In this example, we demonstrate how to use PaddleAudio to train two types of networks for speaker verification. The networks we support here are
Install the requirements via
# install paddleaudio
git clone https://github.com/PaddlePaddle/models.git
cd models/PaddleAudio
pip install -e .
Then clone this project,
git clone https://github.com/ranchlai/speaker-verification.git
cd speaker-verification
pip install -r requirements.txt
Pytorch is supported for inference only. Install librosa, torch and torchaudio, download the checkpoint here, then run
python test_torch.py
Following from this example and this example, we use the dev split VoxCeleb 1 which consists aof 1,211
speakers and the dev split of VoxCeleb 2 consisting of 5,994
speakers for training. Thus there are 7,502
speakers totally in our training set.
Please download the two datasets from the official website and unzip all audio into a folder, e.g., ./data/voxceleb/
. Make sure there are 7502
subfolders with prefix id1****
under the folder. You don't need to further process the data because all data processing such as adding noise / reverberation / speed perturbation will be done on-the-fly.
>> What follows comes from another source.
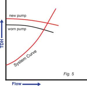 當一個泵磨損時,可能會出現類似的情況。這在圖 5 中有所提及。隨著泵的磨損,在任何給定流速下產生的 TDH 量都會減少。如果新泵與系統曲線的交點并聯在磨損泵的關閉TDH之上,它將迫使磨損泵進入關閉狀態。

However, to speed up audio decoding, you can manually convert the m4a file in VoxCeleb 2 to wav file format, at the expanse of using more storage.
Finally, create a txt file that contains the list of audios for training by
cd ./data/voxceleb/
find `pwd`/ --type f > vox_files.txt
The following datasets are required for dataset augmentation
For the RIR dataset, you must list all audio files under the folder RIRS_NOISES/simulated_rirs/
into a text file, e.g., data/rir.list and config it as rir_path in the config.yaml
file.
Likewise, you have to config the the following fields in the config file for noise augmentation
muse_speech: <musan_split/speech.list> #replace with your actual path
muse_speech_srn_high: 15.0
muse_speech_srn_low: 12.0
muse_music: <musan_split/music.list> #replace with your actual path
muse_music_srn_high: 15.0
muse_music_srn_low: 5.0
muse_noise: <musan_split/noise.list> #replace with your actual path
muse_noise_srn_high: 15
muse_noise_srn_low: 5.0
The testing split of VoxCeleb 1 is used for measuring the performance of speaker verification duration training and after the training completes. You will need to download the data and unzip into a folder, e.g, ./data/voxceleb/test/
.
Then download the text files which list utterance pairs to compare and the true labels indicating whether the utterances come from the same speaker. There are multiple trials and we will use veri_test2.
To train your model from scratch, first create a folder(workspace) by
cd egs
mkdir <your_example>
cd <your_example>
cp ../resnet/config.yaml . #Copy an example config to your workspace
Then change the config file accordingly to make sure all audio files can be correctly located(including the files used for data augmentation). Also you can change the training and model hyper-parameters to suit your need.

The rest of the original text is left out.